The DEGs were analyzed by GO enrichment using the DAVID bioinformatics tool, and the number of genes in each term was counted. As shown in Figure 2C and Table S5, there were 11 biological process GO terms, four cellular component GO terms, and six molecular function GO terms based on p < 0.05 and fold enrichment. In the biological processes, the significantly enriched GO terms were as follows: defense response (three genes), extrinsic apoptotic signaling pathway (four genes), metabolic process (five genes), regulation of cell proliferation (seven genes), positive regulation of protein kinase B signaling (five genes), and others. In the cellular component, the enriched GO terms were as follows: extracellular region (15 genes), intracellular (16 genes), extracellular space (20 genes), and integral component of membrane (62 genes). In the molecular function, the enriched GO terms were: insulin-like growth factor II binding (two genes), integrin-binding (three genes), growth factor activity (eight genes), metalloendopeptidase activity (six genes), serine-type endopeptidase activity (six genes), and heparin-binding (five genes). Based on the KEGG pathways database, the significant pathways enriched in DEGs were analyzed. The top four KEGG pathways were sorted by p-value and fold enrichment between the control and salmonella-infected groups (Figure 2D). These included steroid hormone biosynthesis (gga00140, four genes), retinol metabolism (gga00830, four genes), ECM-receptor interaction (gga04512, six genes), and cytokine-cytokine receptor interaction (gga04060, 10 genes) (Table S6).

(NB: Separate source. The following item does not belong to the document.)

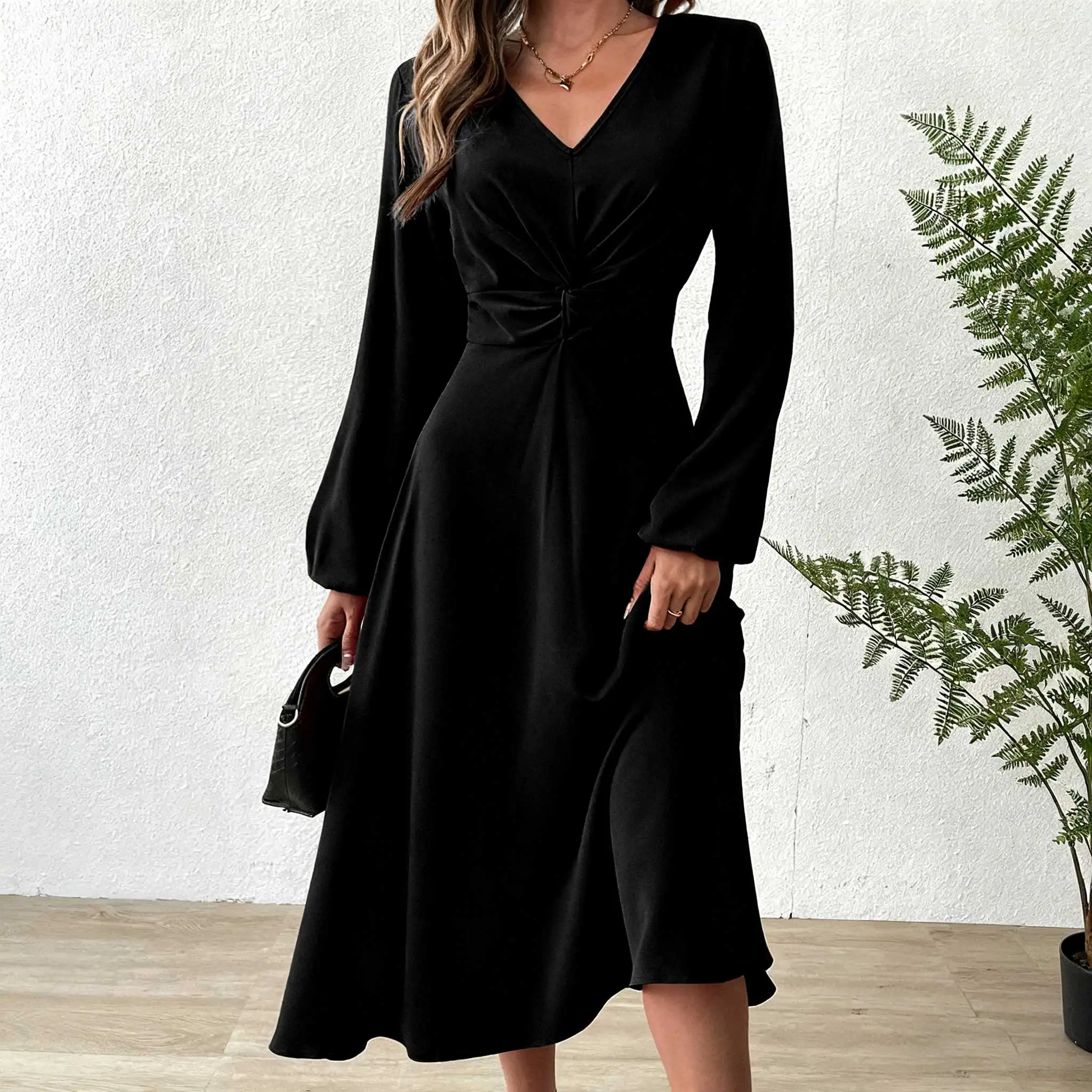 ZYHT 21541 Wholesale Crew Neck High Waist Casual Dresses Elegant Lace Velvet Mermaid Hem Ruched Long Sleeve Dresses for Women

3.3. Effect of Se on Clearance of Salmonella within HD11 Cells

It is known that Se can modulate and improve the immune function in humans and animals and can inhibit the invasion of viral and bacterial pathogens. Therefore, in the next experiment we investigated the potential effect of Se treatment on the growth of salmonella within HD11 cells. For this purpose, based on concentration screening experiment, 100 and 500 nM concentrations of Se (sodium selenite) were selected to stimulate HD11 cells followed by salmonella infection at MOI = 1, MOI = 5, MOI = 10, and MOI = 20, respectively. HD11 cells pre-treated with 100 and 500 nM of Se were infected with salmonella for 30 min. Then, the extracellular bacteria were killed by gentamicin exposure (100 ug/mL) for 1 h. At the start point (0 h) of salmonella invasion in HD11 cells, the number of live salmonella within HD11 cells was calculated. As shown in Figure 3A, compared to the control, the number of bacteria (per hole) in HD11 cells pre-treated with different concentrations of Se showed an increasing trend at different MOI levels that was significantly higher compared to the control group at MOI = 20, suggesting that Se can contribute to salmonella invasion into HD11 cells. To further investigate the effect of Se on the salmonella clearance ability of HD11 cells, we analyzed the number of live salmonella within HD11 cells from 2 to 12 h post-infection (PI) at different MOI levels. When compared to the control group, the proliferation rate of salmonella within DH11 cells treated with 100 and 500 nM of Se was substantially decreased at 2 h PI at MOI = 1, MOI = 10, and MOI = 20, respectively, but was comparable at 12 h PI (Figure 3B). However, the proliferation rate of salmonella within DH11 cells treated with 500 nM of Se was higher compared to the control at MOI = 5 (Figure 3B). These data show that Se can inhibit the growth of salmonella within HD11 cells at the early phase of infection. Based on the above results, it is evident that Se pre-treatment increased the degree of salmonella invasion into HD11 cells, but reduced the number of salmonella within HD11 cells, suggesting that Se could potentially promote the ability of macrophages to eliminate a greater number of salmonella during the early phase of infection.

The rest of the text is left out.